PURPOSE:To contrive improvement in integration degree and simplification of a process by forming a lower electrode with the same silicon as base extraction polycrystalline silicon of a bipolar transistor and forming an upper electrode with the same silicon as polycrystalline silicon of an emitter part of the above transistor. CONSTITUTION:Both emitter diffusion layer 15 and a base diffusion layer 9 are constructed so that they are extracted with polycrystalline silicon regions 16a and 11a and a capacitor 21 is constructed so that an insulating film 13a is sandwiched between the upper electrode 16b and lower electrode 11b. The capacitor 21 is disposed on a field oxide film 4 and the electrode 11b is formed with the same polycrystalline silicon as silicon 11a and further, the electrode 16b is formed with the same polycrystalline silicon as silicon 16a. In this way, both silicon 11a and the electrode 11b as well as both silicon 16a and the electrode 16b are formed respectively with the same process without making it necessary to give considerations to an interruption which takes place between the conduction of electricity and the diffusion layer of the other circuit elements. Then, the capacitor 21 is disposed at an optional position on the film 4 and this device not only improves an integration extent but also simplifies steps of the process.

Description

[Detailed Description of the Invention] [Field of Industrial Application] The present invention relates to a technology that is effective when applied to semiconductor devices. The present invention relates to a technique effective for use in a semiconductor device including a bipolar transistor and a capacitor configured such that an insulating film is sandwiched between upper and lower electrodes.

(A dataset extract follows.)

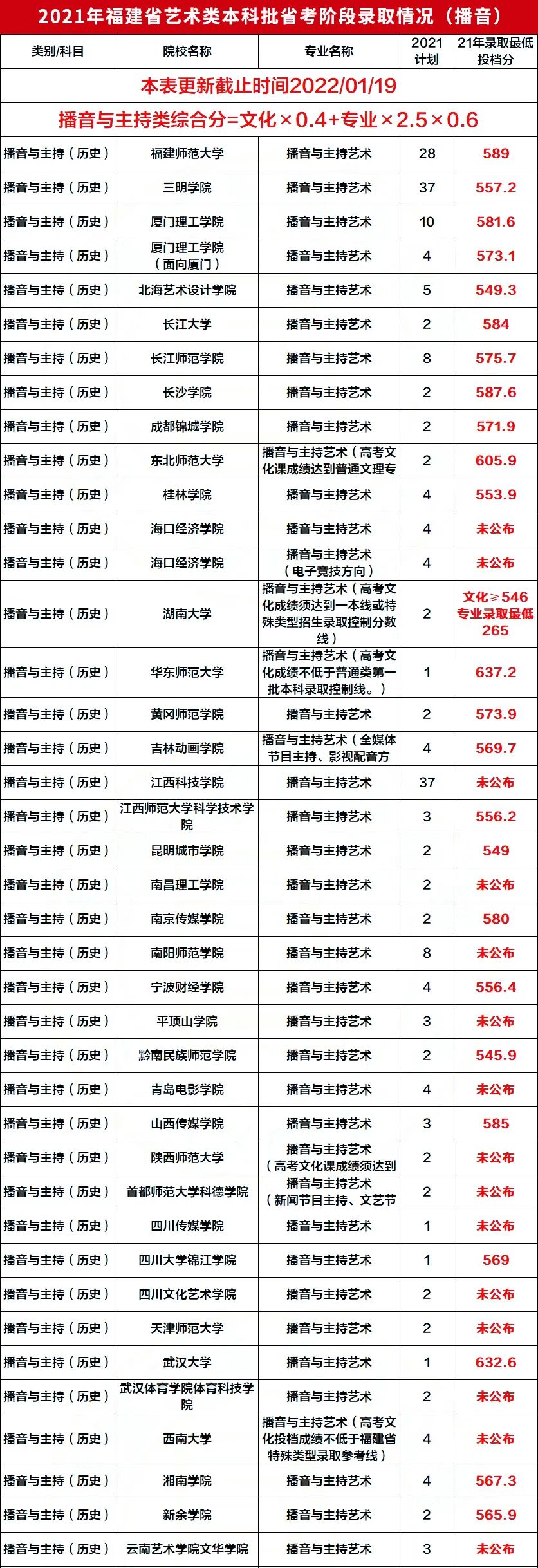 2021年普通高校招生「播音类」录取分数汇总 - 历史组
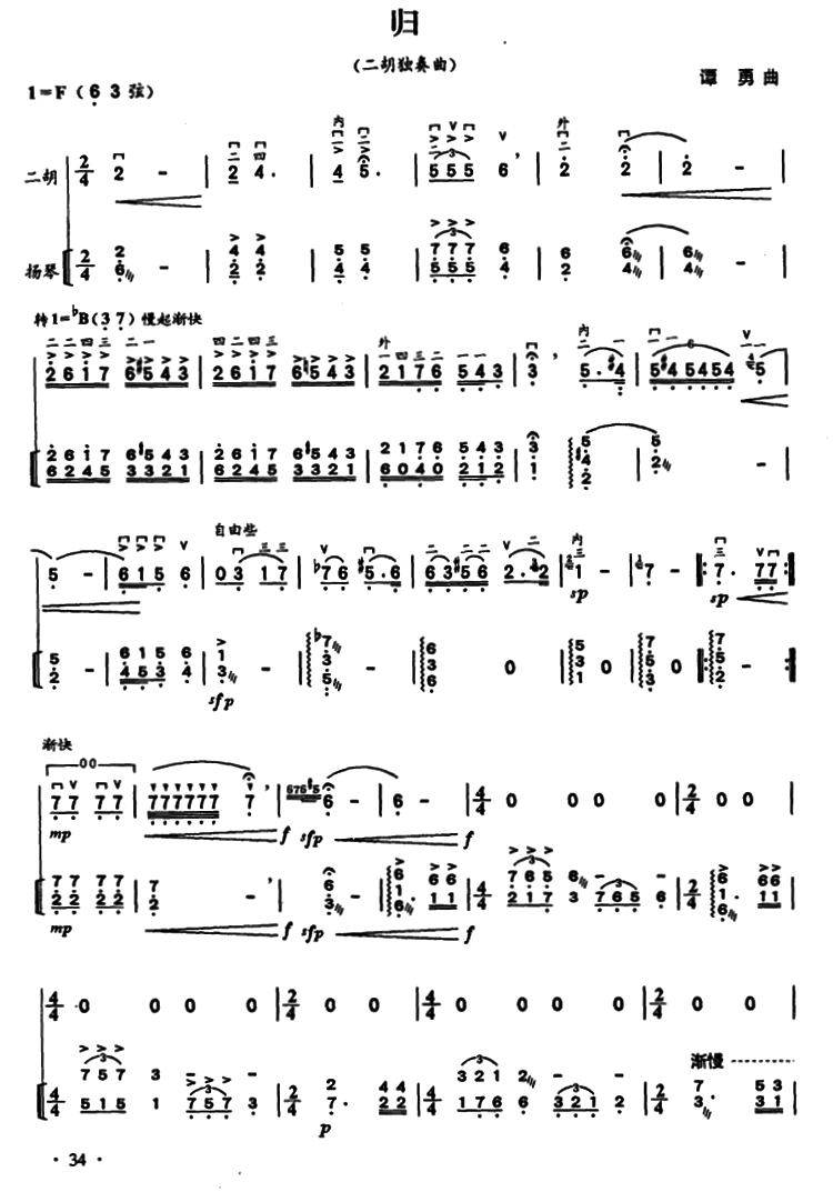 - [二胡谱,扬琴谱] 归 扬琴伴奏

[Prior Art] In order to increase the integration and speed of semiconductor devices, in recent years, bipolar transistors in which the emitter and base are separated in a self-aligned manner have been widely used in semiconductor devices. . This bipolar transistor has an emitter diffusion layer and a base diffusion layer each made of polycrystalline silicon doped with impurities, and the semiconductor device is also equipped with capacitors and the like to form a circuit. . This capacitor may be one in which a diffusion layer formed on the substrate surface is used as a lower electrode, and an insulating film and an upper electrode are sequentially laminated on this diffusion layer, or one in which the emitter polycrystalline silicon of the above-mentioned bipolar transistor is used as a lower electrode. A structure in which an insulating film and an upper electrode are sequentially laminated thereon is known.

[Problems to be Solved by the Invention] However, the semiconductor device including the above bipolar transistor and capacitor has the following problems.

In other words, in a semiconductor device including a capacitor in which a diffusion layer formed on the surface of a substrate is used as a lower electrode, and an insulating film and an upper electrode are sequentially laminated on this diffusion layer, electrical conduction is interrupted by the diffusion layer of the capacitor. Therefore, it must be separated by a certain distance from the diffusion layers of other circuit elements (transistors, capacitors, resistors, etc.), which poses a problem in that it is difficult to achieve high integration.

In addition, in a semiconductor device including a capacitor in which the emitter part of a bipolar transistor is made of polycrystalline silicon as a lower electrode, and an insulating film and an upper electrode are successively laminated thereon, the above-mentioned problem of achieving high integration is solved, but the emitter Since the step of forming the upper electrode above the polycrystalline silicon is added, there is a problem that the process becomes complicated.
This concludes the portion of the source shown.